Exercise aim: Print a faithful copy of the data below, word for word, with the pictures left out.

Input data:
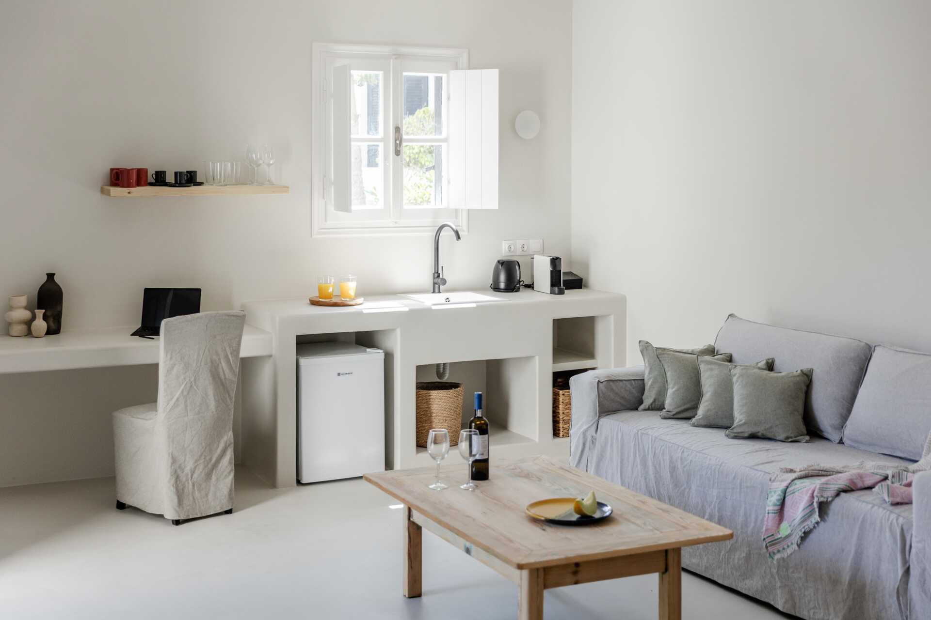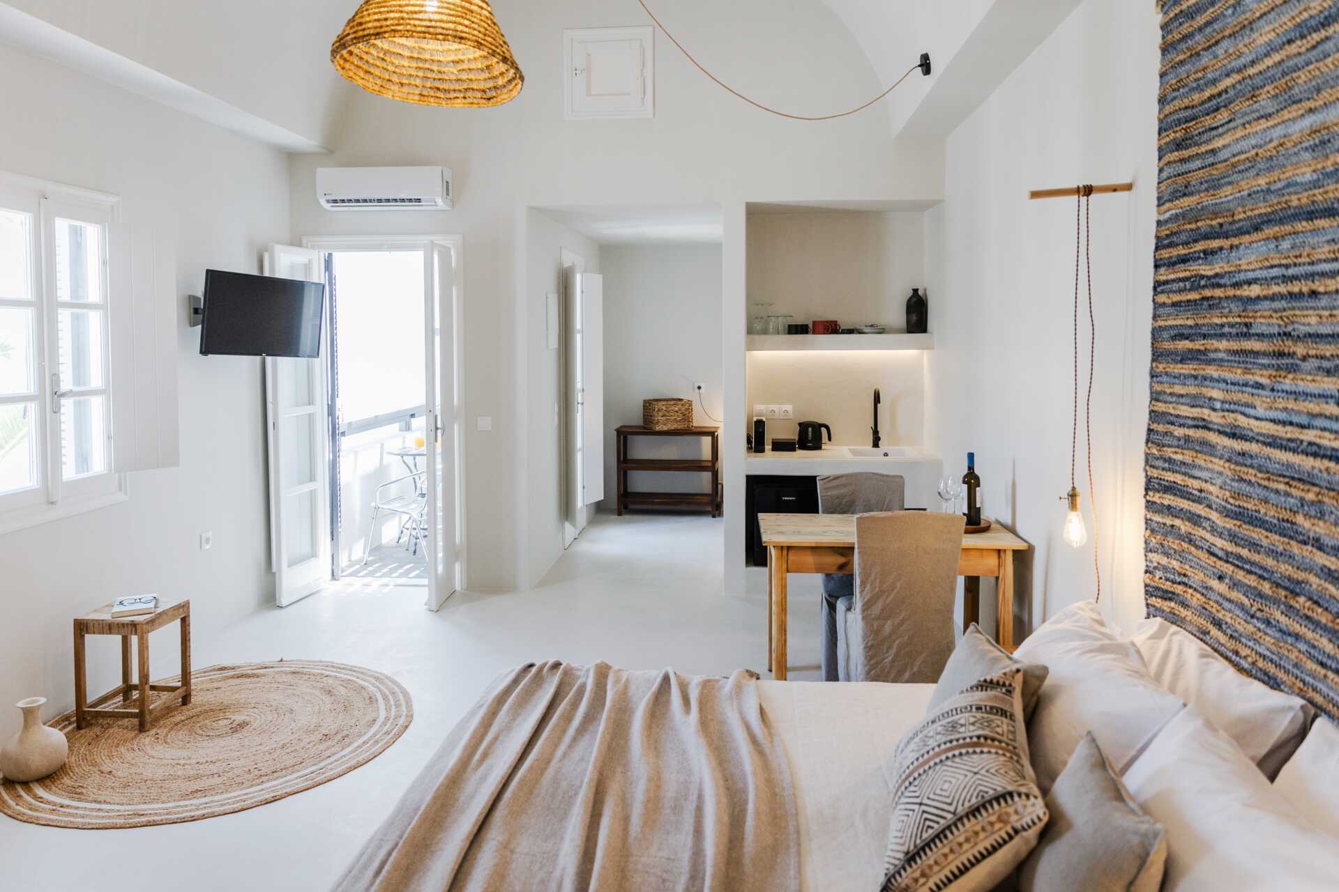 Sviitti, jossa parveke tai terassi pohjakerroksessa tai parveke toisessa kerroksessa. Yksi parivuode tai kaksi erillistä vuodetta. Lisävuodemahdollisuus vuodesohvasta. Maksuton wifi, ilmastointi ja tallelokero. Jääkaappi. Vedenkeitin. Nespresso-kahvinkeitin, kapselit lisämaksusta. Tv kansainvälisillä kanavilla. Hiustenkuivain. Kylpyhuoneessa suihku ja wc. Siivous 7 krt/viikko.
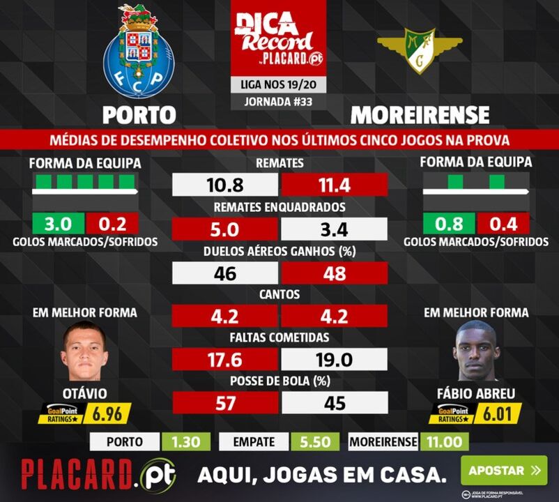 20 julho 2020 - 10:50 As melhores previsões para o FC Porto-Moreirense: o que dizem as médias de desempenho coletivo ... × Funcionalidade exclusiva para assinantes Record Premium Assine para partilhar E usufrua de todas as vantagens de ser assinante Deixe o seu comentário Para poder guardar esta notícia deverá efectuar login. Caso não esteja registado no site do Record, efectue o seu registo gratuito. 20.07.2020 As melhores previsões para o FC Porto-Moreirense: o que dizem as médias de desempenho coletivo Pub Deixe o seu comentário
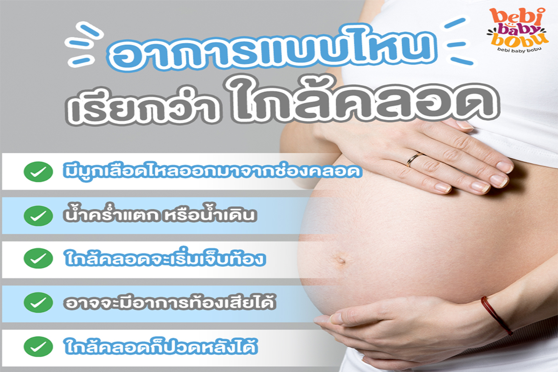 ตลอดระยะเวลา 9 เดือนที่คุณแม่อุ้มท้องก็เพื่อที่จะรอเวลาเจอหน้าเจ้าตัวเล็ก เพราะฉะนั้นอาการใกล้คลอดที่เป็นสัญญาณว่าเรากำลังจะได้กันแล้วนั้นจะมีอะไรบ้าง ทาง #Bebibabybobu มีมาบอกแล้วค่ะ เพื่อที่คุณแม่จะได้เตรียมความพร้อม ไม่ตื่นตระหนกจนเกินไปหากร่างกายแสดงอาการเหล่านี้ขึ้นนะคะ.

Written solution:
 Sviitti, jossa parveke tai terassi pohjakerroksessa tai parveke toisessa kerroksessa. Yksi parivuode tai kaksi erillistä vuodetta. Lisävuodemahdollisuus vuodesohvasta. Maksuton wifi, ilmastointi ja tallelokero. Jääkaappi. Vedenkeitin. Nespresso-kahvinkeitin, kapselit lisämaksusta. Tv kansainvälisillä kanavilla. Hiustenkuivain. Kylpyhuoneessa suihku ja wc. Siivous 7 krt/viikko.
 20 julho 2020 - 10:50 As melhores previsões para o FC Porto-Moreirense: o que dizem as médias de desempenho coletivo ... × Funcionalidade exclusiva para assinantes Record Premium Assine para partilhar E usufrua de todas as vantagens de ser assinante Deixe o seu comentário Para poder guardar esta notícia deverá efectuar login. Caso não esteja registado no site do Record, efectue o seu registo gratuito. 20.07.2020 As melhores previsões para o FC Porto-Moreirense: o que dizem as médias de desempenho coletivo Pub Deixe o seu comentário
 ตลอดระยะเวลา 9 เดือนที่คุณแม่อุ้มท้องก็เพื่อที่จะรอเวลาเจอหน้าเจ้าตัวเล็ก เพราะฉะนั้นอาการใกล้คลอดที่เป็นสัญญาณว่าเรากำลังจะได้กันแล้วนั้นจะมีอะไรบ้าง ทาง #Bebibabybobu มีมาบอกแล้วค่ะ เพื่อที่คุณแม่จะได้เตรียมความพร้อม ไม่ตื่นตระหนกจนเกินไปหากร่างกายแสดงอาการเหล่านี้ขึ้นนะคะ.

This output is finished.